Entries taken from a collection:
-*-

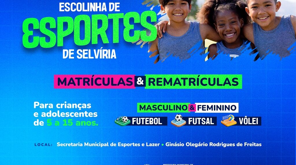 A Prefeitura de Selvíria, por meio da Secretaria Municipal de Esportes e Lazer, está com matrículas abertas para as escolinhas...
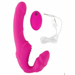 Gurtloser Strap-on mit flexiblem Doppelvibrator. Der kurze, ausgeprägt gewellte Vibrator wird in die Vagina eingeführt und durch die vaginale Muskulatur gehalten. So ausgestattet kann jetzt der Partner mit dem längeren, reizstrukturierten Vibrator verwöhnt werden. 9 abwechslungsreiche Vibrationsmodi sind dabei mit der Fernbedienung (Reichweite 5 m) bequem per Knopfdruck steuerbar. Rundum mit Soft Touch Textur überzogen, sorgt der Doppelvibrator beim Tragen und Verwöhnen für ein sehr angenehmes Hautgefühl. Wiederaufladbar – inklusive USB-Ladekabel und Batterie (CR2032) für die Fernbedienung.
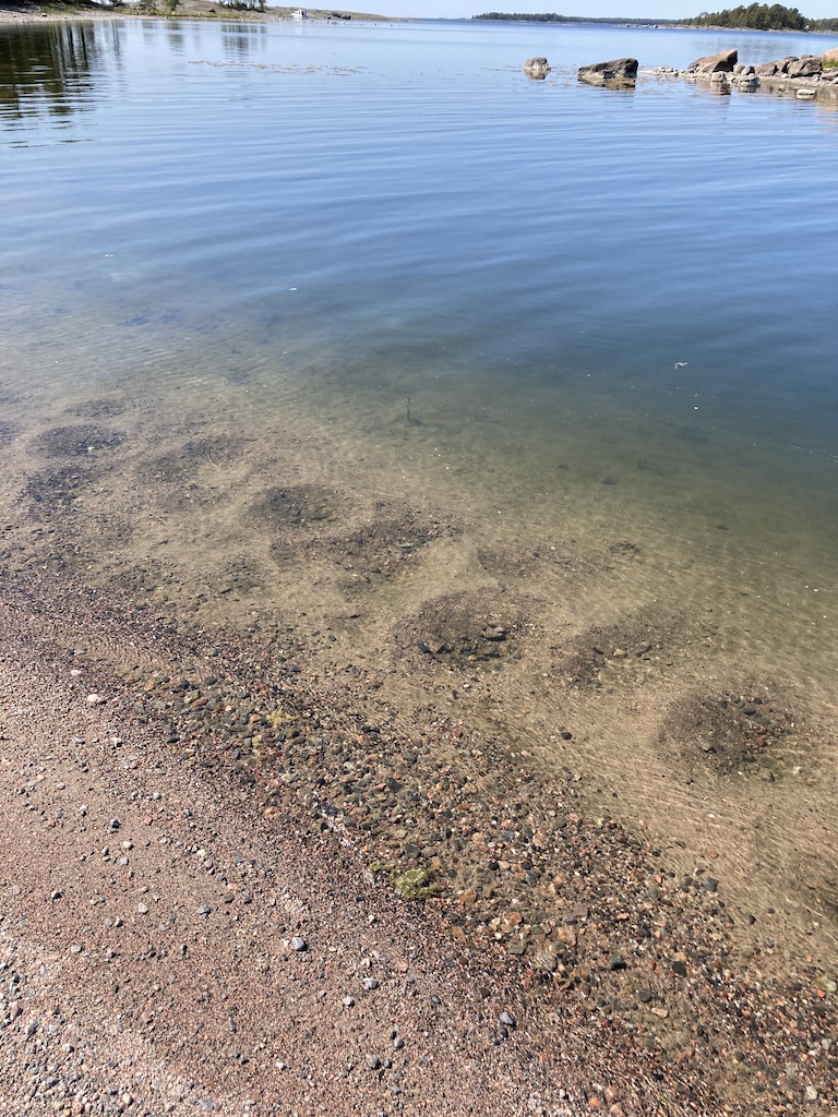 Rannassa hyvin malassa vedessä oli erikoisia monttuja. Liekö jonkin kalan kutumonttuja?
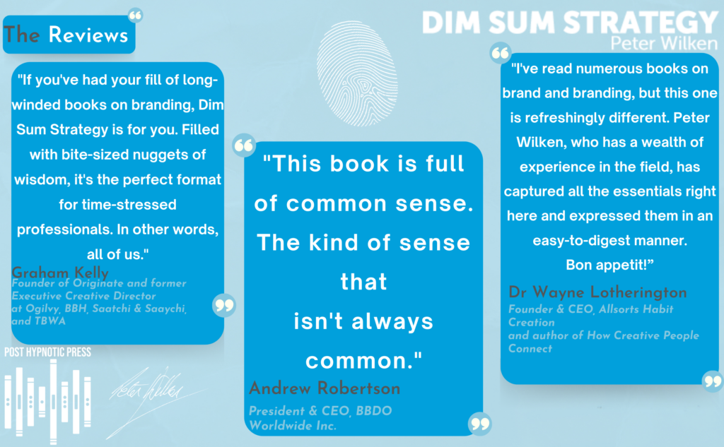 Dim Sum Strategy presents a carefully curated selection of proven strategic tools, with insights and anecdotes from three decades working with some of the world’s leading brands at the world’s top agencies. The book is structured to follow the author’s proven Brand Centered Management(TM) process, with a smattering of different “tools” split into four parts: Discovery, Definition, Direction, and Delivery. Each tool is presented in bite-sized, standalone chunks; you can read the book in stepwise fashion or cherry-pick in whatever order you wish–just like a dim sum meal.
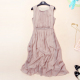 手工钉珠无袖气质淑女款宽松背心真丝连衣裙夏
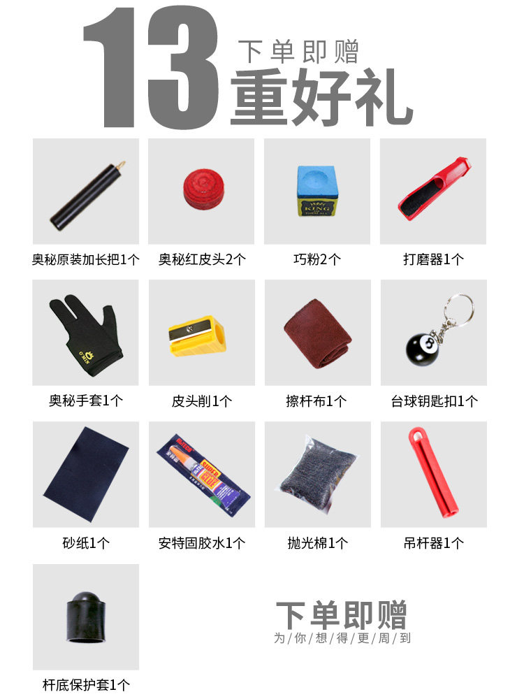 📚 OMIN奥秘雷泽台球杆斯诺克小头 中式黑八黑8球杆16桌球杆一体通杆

-*-

> _Task prompt_: Word for word, copy the lines from the one with "Rannassa hyvin malassa" through the end of the entries above, and do not include any picture.

> _Completed exercise_:
 Rannassa hyvin malassa vedessä oli erikoisia monttuja. Liekö jonkin kalan kutumonttuja?
 Dim Sum Strategy presents a carefully curated selection of proven strategic tools, with insights and anecdotes from three decades working with some of the world’s leading brands at the world’s top agencies. The book is structured to follow the author’s proven Brand Centered Management(TM) process, with a smattering of different “tools” split into four parts: Discovery, Definition, Direction, and Delivery. Each tool is presented in bite-sized, standalone chunks; you can read the book in stepwise fashion or cherry-pick in whatever order you wish–just like a dim sum meal.
 手工钉珠无袖气质淑女款宽松背心真丝连衣裙夏
 📚 OMIN奥秘雷泽台球杆斯诺克小头 中式黑八黑8球杆16桌球杆一体通杆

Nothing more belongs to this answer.